Day trading is a term that is reserved for Forex traders who book their profits and complete the transaction within the day. This is a strategy that is similar to investors buying stocks and selling them by the end of the day and not holding on to them for longer duration’s. Often there is little movement in the values of currencies in normal circumstances. However, because of the high leverage provided by the brokers, intra-day trading can be profitable even with little movements of currencies. Despite this fact, many of the investors who choose day trading are disappointed because of losses they accumulate in their trading account.
There are many different strategies that can be used by an investor who is interested in intra-day trading at the Forex markets. Out of these, three common ones that are also easy to understand and implement are described below.
This is an intra-day technique that lasts a few minutes where the investor exits from a trade as soon as it turns profitable. This is a strategy that aims to give the investor small profits. With the slightest of movement of the price of a currency, an investor can book a profit and exit from the trade. Skimming allows traders to make small profits of 5-10 pips with every trade but they amount to a significant sum of money by the end of the day. Do make sure that you have a broker with small brokerage commissions otherwise you may lose money using this strategy as the brokerage commissions may exceed the profits made per trade (if your capital amount is small).
This is another intra-day trading technique that is good for beginners who want to book their profits every day. This requires the traders to successfully identify a shift in the momentum of the currency pair on a daily basis. To understand momentum, you can use the analogy of a ball rolling down from the peak of a mountain when it starts slow but picks up dull speed after gaining momentum and then slowing down as it reaches the ground and strikes an object. The most common indicator used for this would be the Moving Average Convergence-Divergence (MACD) indicator.

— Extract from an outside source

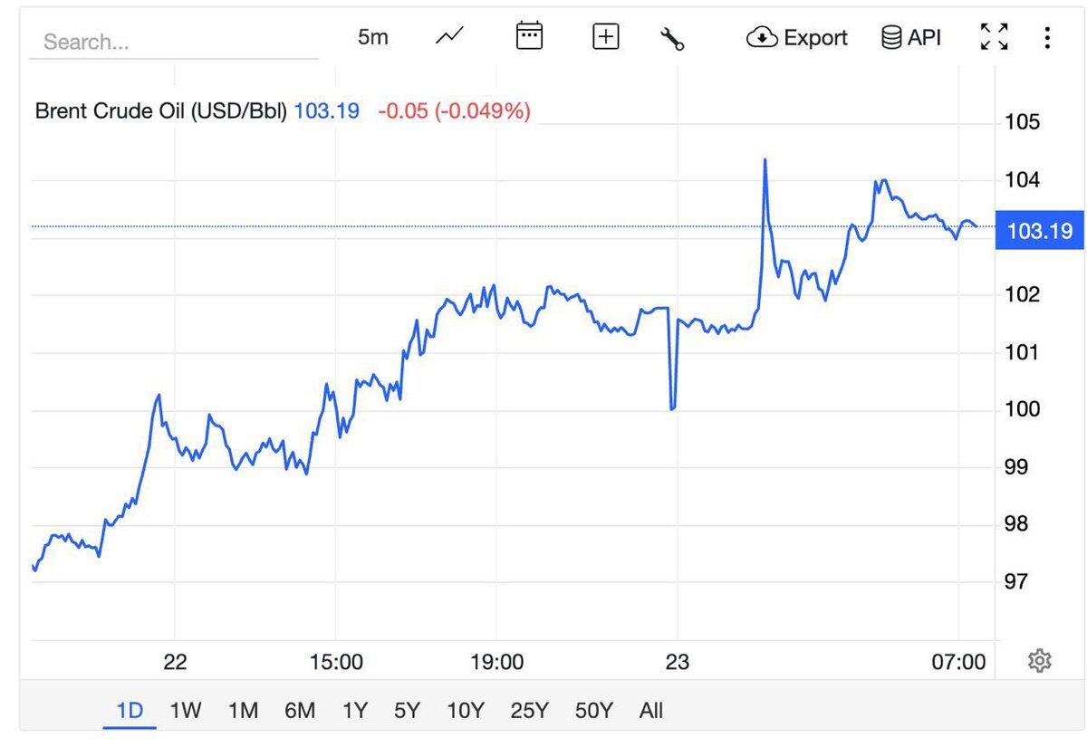 Цены на нефть снова растут: марка Brent приблизилась к 105 долларам за баррель.

This is a common day trading method that allows investors to make profits daily in Forex markets. Pivot points are the low of the day (LOD) and the high of the day (HOD) and require the trader to buy at LOD and sell at HOD. The basis for this method of trading originated in the trading pits in the US where traders would have a card with the lowest and their anticipated highest price that they would trade. This causes traders in the US then to have an idea of a lower and higher pivot point. This pivot trading strategy is quite an important one to learn and master to profit from swings in the currency pairs.